YOUR ASSIGNMENT – For this exercise, output the entries below exactly from the line that holds "南寧市天桃實(shí)驗(y" to the line that holds "Une pharmacie taguée", both ends included. No pictures belong in the copy.

LISTED RECORDS –
- - -

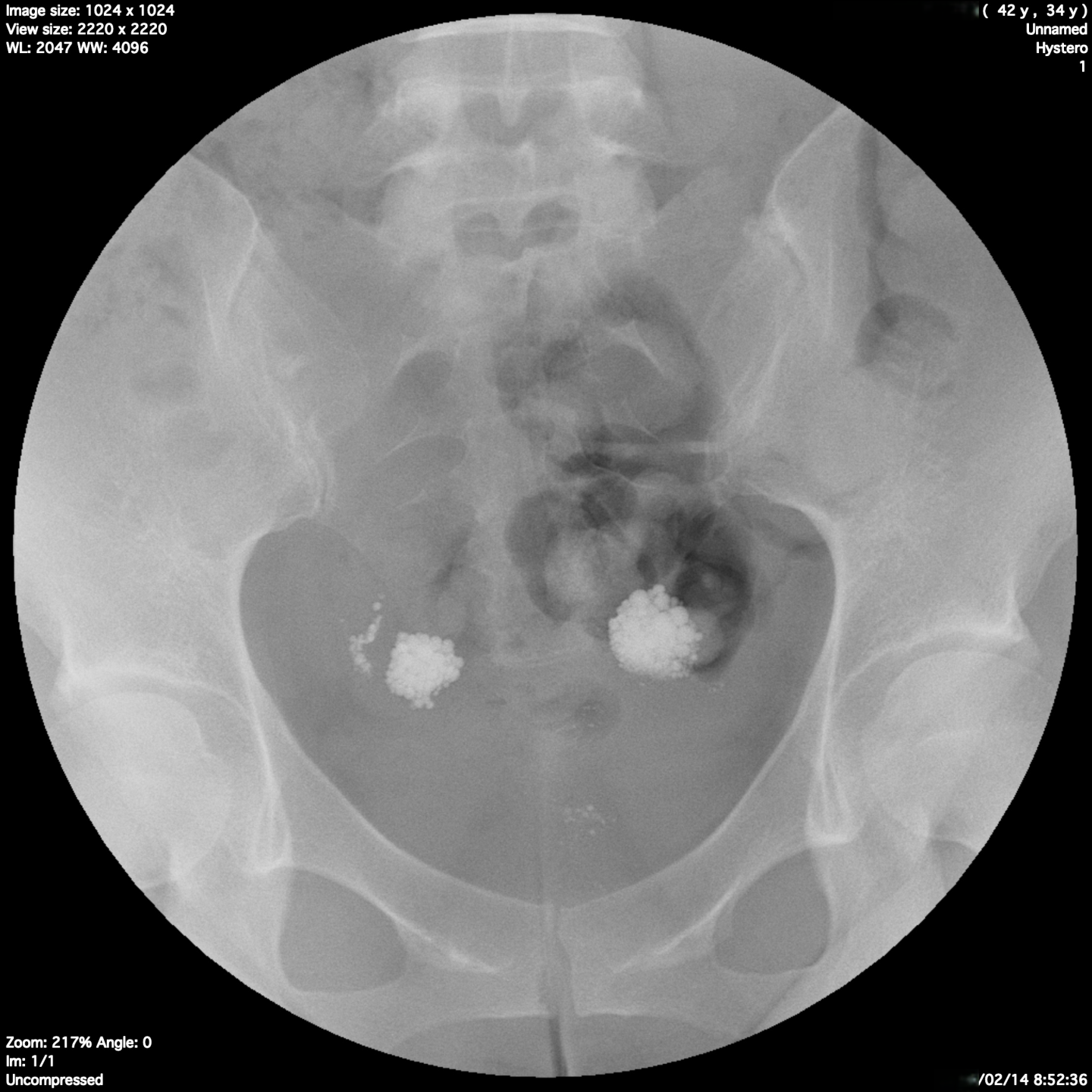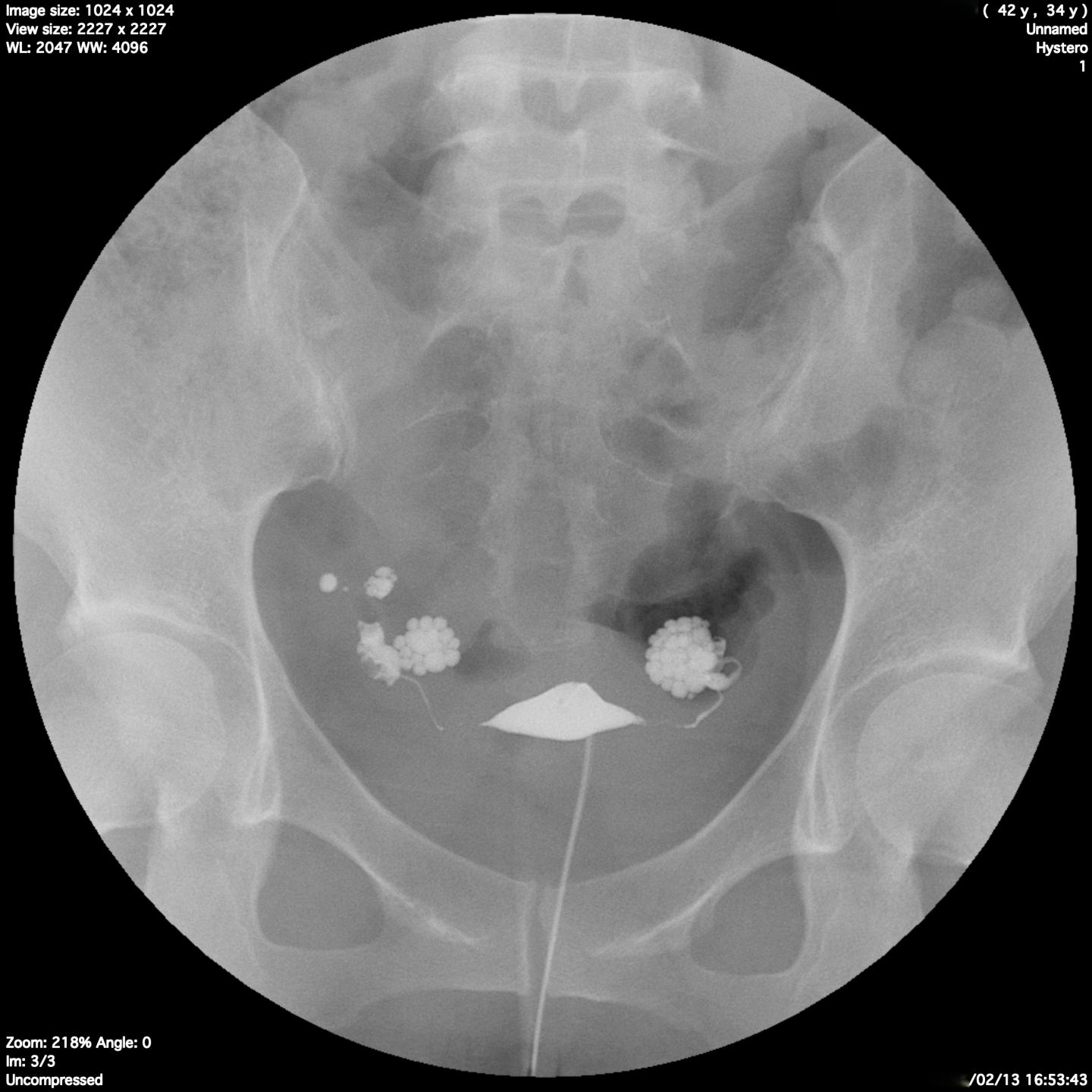当院でのクラミジア抗体検査ではIgG(+) IgA(+)を確認し、クラミジア治療を行い油性造影剤にて卵管造影を行った結果です。
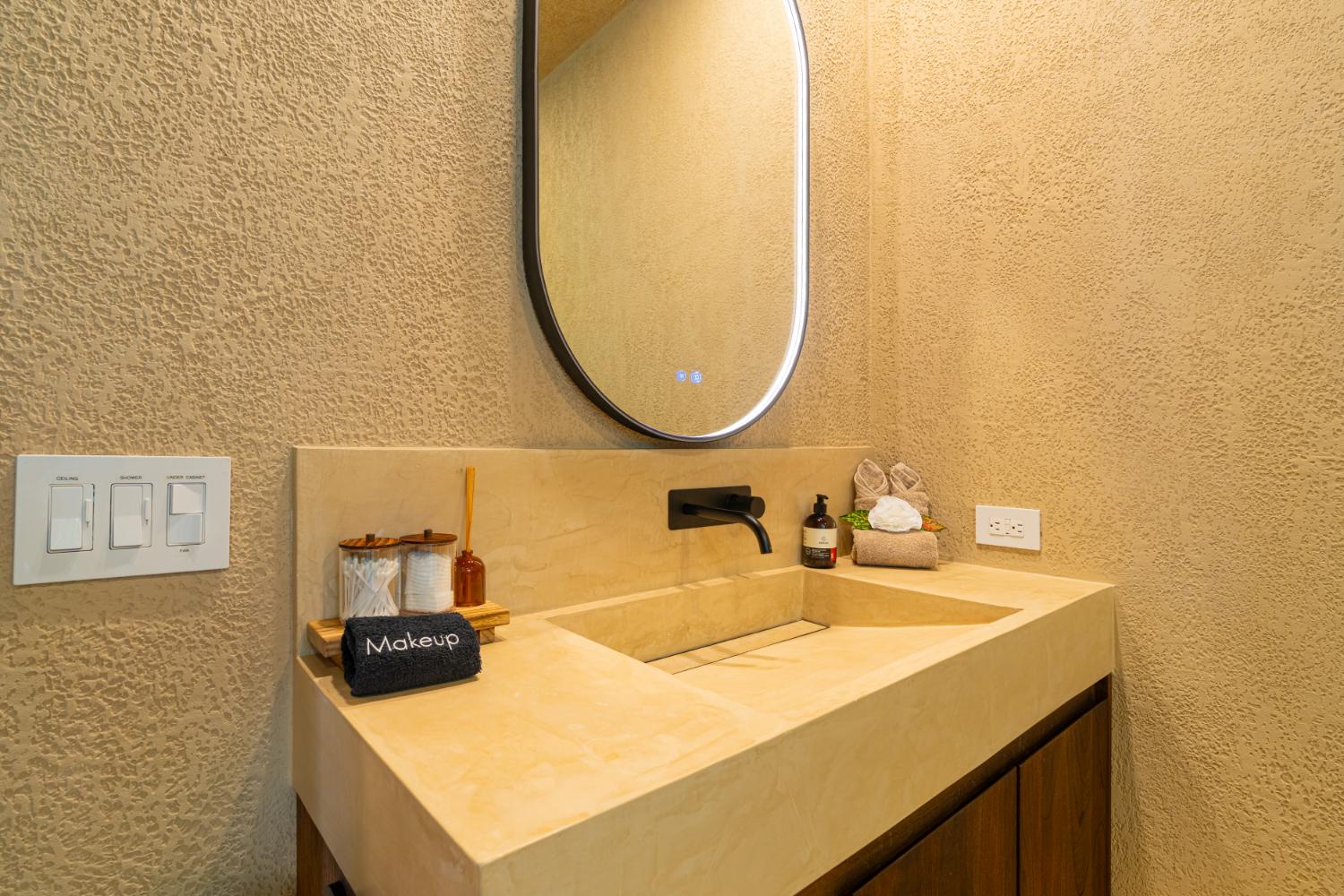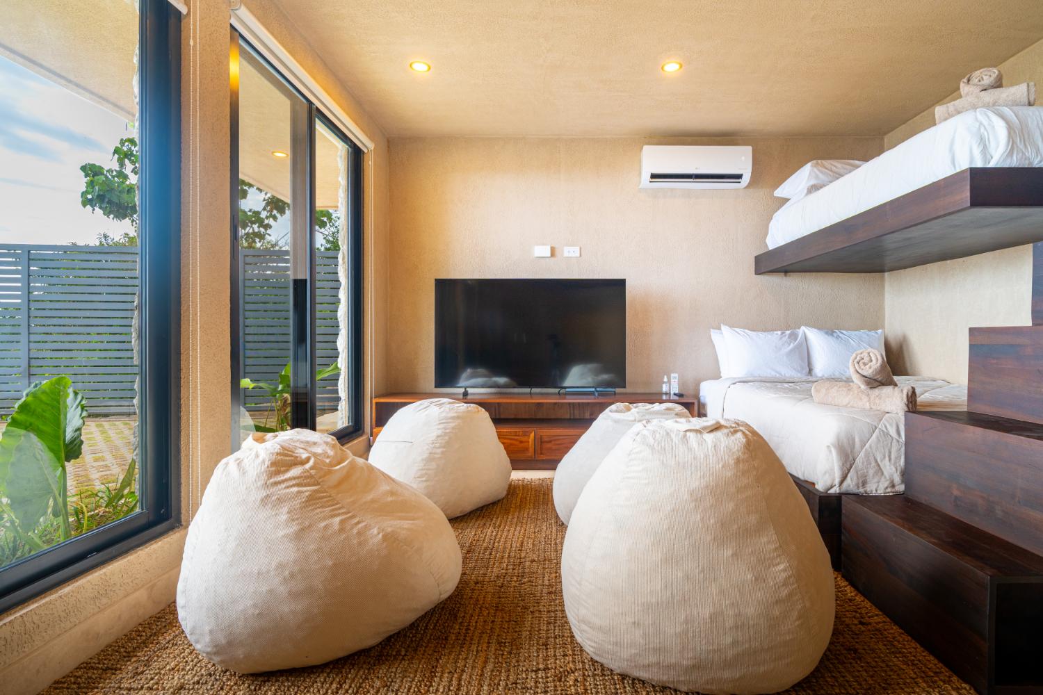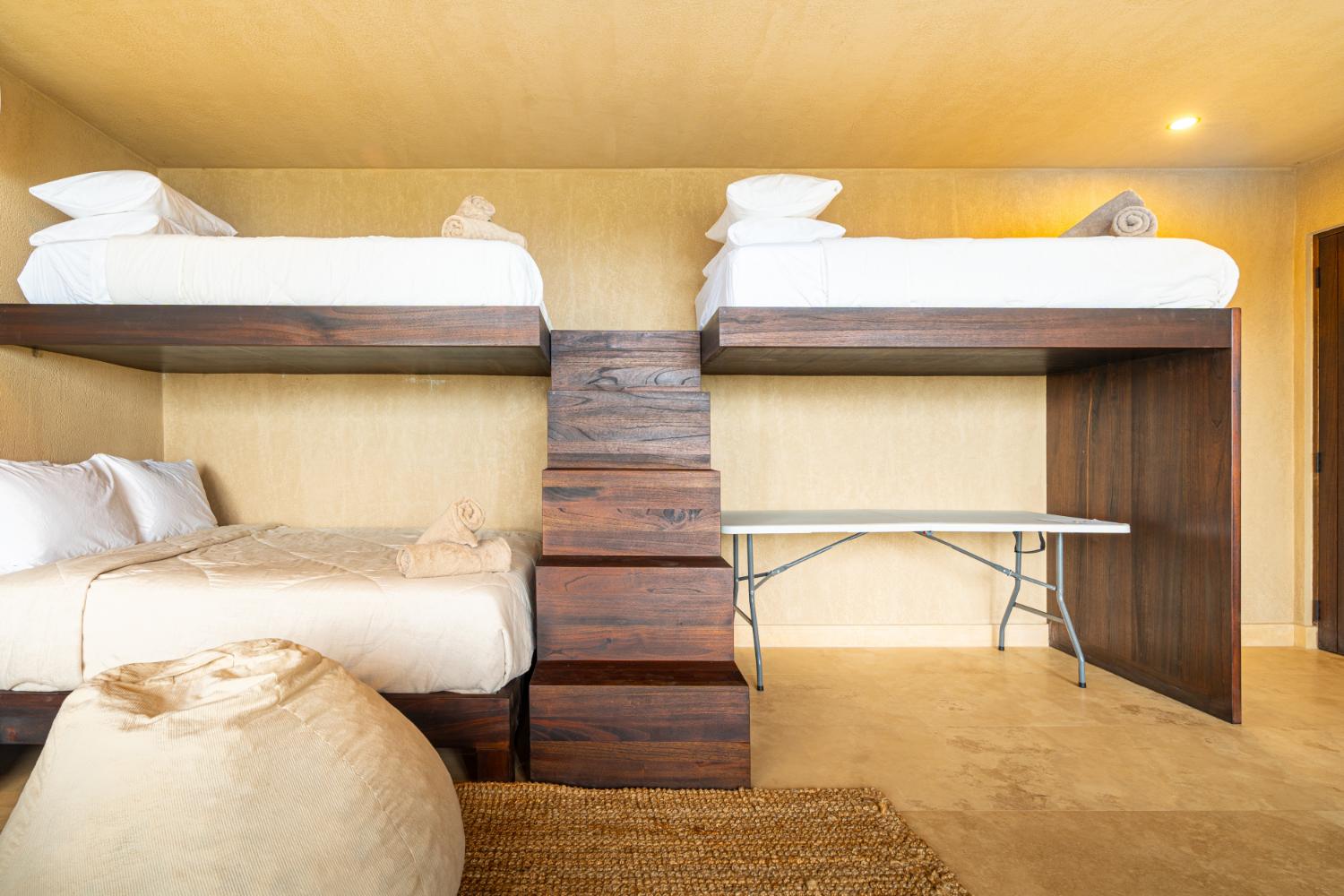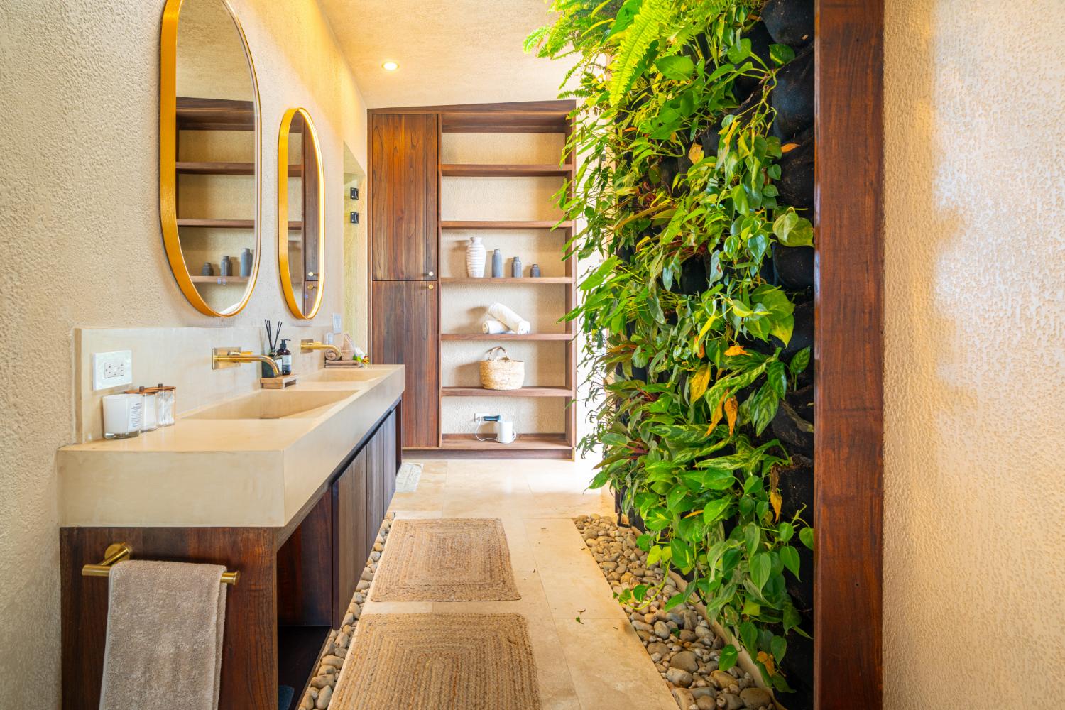 From the moment you arrive, Casa Riverstone unfolds with a sense of space and intention. The entrance level opens onto a generous landing with a wine wall and a flexible family room that works beautifully as a children’s retreat, media lounge, or relaxed workspace. The main residence includes four bedrooms, while a separate casita tucked beneath the entrance level adds an extra layer of privacy with its own kitchen, king bedroom, ensuite bathroom, and private terrace. This layout makes the villa especially well suited to multigenerational stays, two-family holidays, or guests traveling with a nanny, staff, or a couple who would appreciate their own independent space.
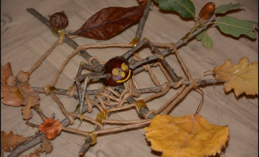 «Паучок». Для изготовления композиции понадобится взять 8 ровных тонких веточек, белую нить, осенние листья, каштан, картон и клей. На картон необходимо приклеить 8 веточек, соединяя в центре, это будет основа нашей паутины. Далее с помощью нитки сделать саму паутинку и приклеить к ней в произвольных местах листочки. По центру нужно поместить листочек, а к нему прикрепить половинку каштана. Это и будет паучок, к которому надо приклеить маленькие ножки, то есть тонкие и короткие веточки. Эта поделка очень простая, но смотрится довольно оригинально.
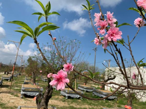 Trong đó không thể thiếu sắc đào là loài hoa đặc trưng cho ngày Tết. Đặc biệt những gốc đào cảnh cổ thụ được nhiều người ưa chuộng, nhưng đây là một “món hàng sang” nên giá cũng khá cao tùy vào kích thước, tuổi đời, tạo thế, sắc hoa…
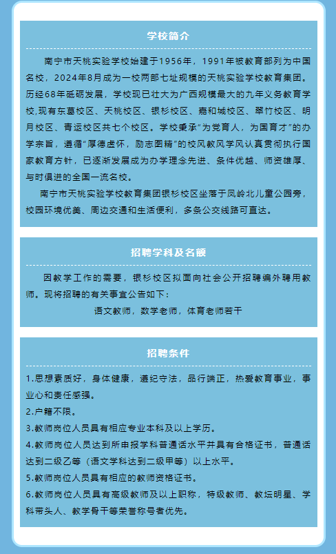 南寧市天桃實(shí)驗(yàn)學(xué)校教育集團(tuán)銀杉校區(qū)2025年外聘教職工招聘公告
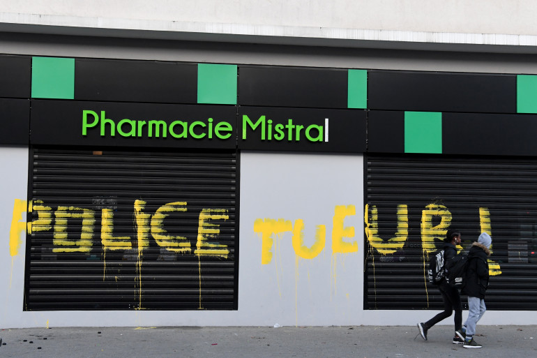 Une pharmacie taguée dans le quartier du Mistral, à Grenoble
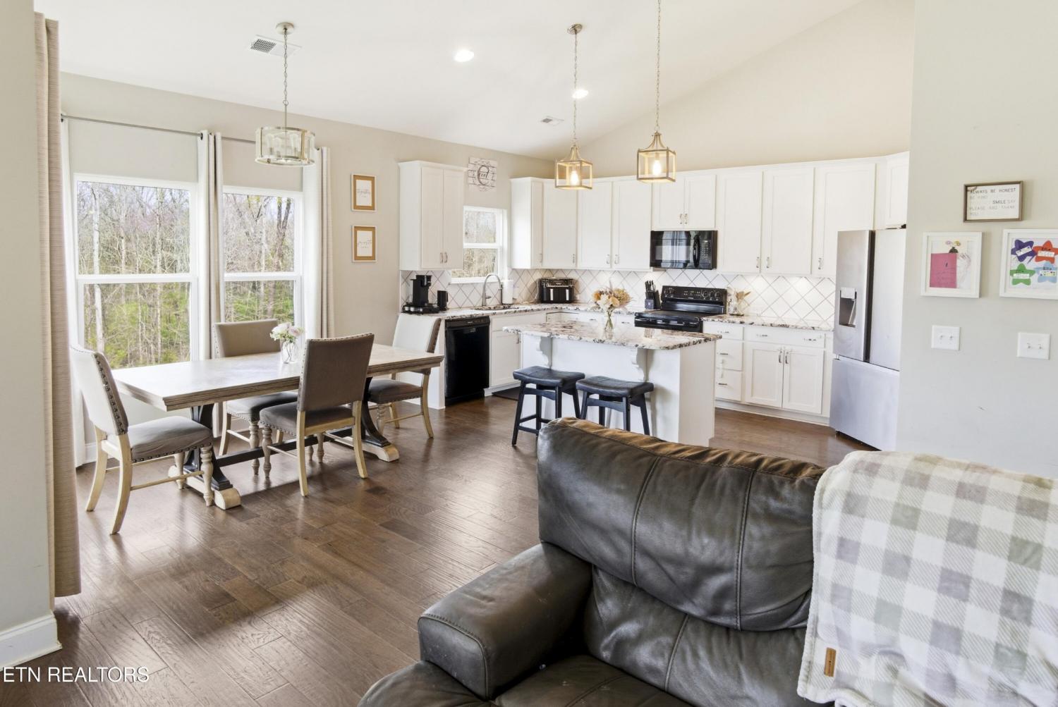 Built in 2022, this one-level home in Maryville's desirable Morgan Park subdivision offers the modern layout, attractive finishes, and convenient location that continue to be in high demand. From the moment you step inside, the vaulted ceiling, cozy fireplace, and open-concept design create a bright and comfortable living space that feels both functional and inviting. The kitchen is thoughtfully designed with white cabinetry, a stylish backsplash, and a large center island that makes everyday living, casual meals, and entertaining easy. The dining and living areas flow seamlessly together, giving the home an easy, connected feel that works well for both quiet evenings at home and gathering with family and friends. Out back, the covered deck provides a great place to relax and unwind while enjoying the peaceful wooded backdrop. Located near the new Amazon plant and Denso, and zoned for sought-after Maryville City Schools, this home offers the rare combination of newer construction, one-level living, and a location that keeps you close to work, shopping, dining, and everything Maryville has to offer. Opportunities to find a newer home with this kind of layout, setting, and convenience do not come along every day.
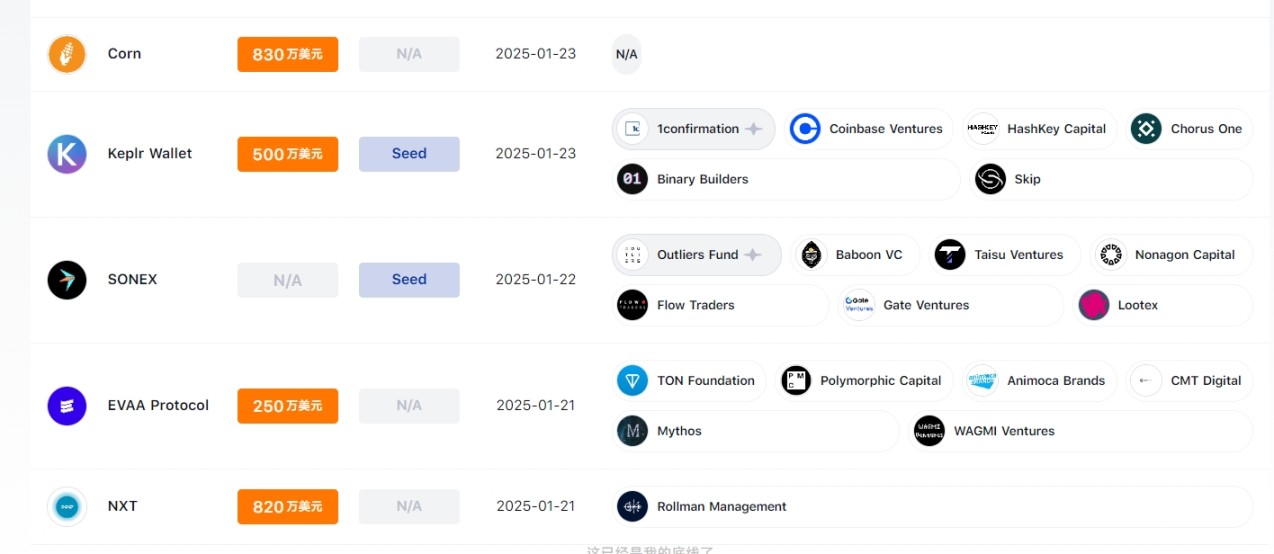 За даними Foresight News, з 18 січня 2025 року по 24 січня 2025 року на ринку шифрування відбулося 11 подій з приватного та інвестиційного фінансування, з них 2 у сфері інструментів та інфраструктури, 4 у сфері Децентралізованих фінансів, 3 у сфері управління активами, 1 у сфері ланцюгових ігор та Невзаємозамінних токенів та 1 у сфері Web3. Загальна сума розголошених інвестицій становить приблизно 0.48 мільярда доларів США.
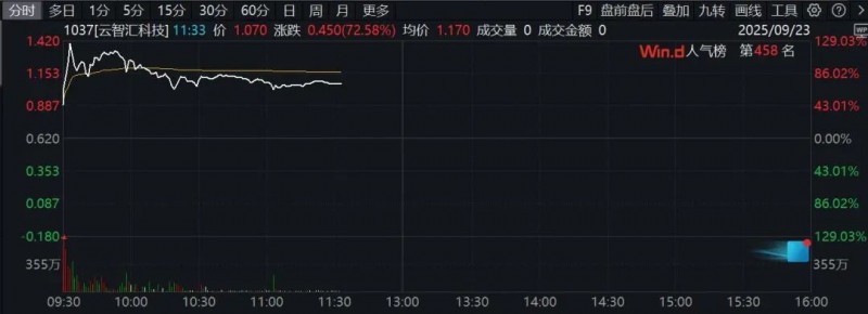 港股云智汇科技昨日早间暴涨134%后紧迫停牌,今天复牌持续大幅高开高走,盘中一度飙升逾129%,两个买卖日最高算计大涨逾435%。

- - -

RESPONSE TO THE EXERCISE –
 南寧市天桃實(shí)驗(yàn)學(xué)校教育集團(tuán)銀杉校區(qū)2025年外聘教職工招聘公告
 Une pharmacie taguée dans le quartier du Mistral, à Grenoble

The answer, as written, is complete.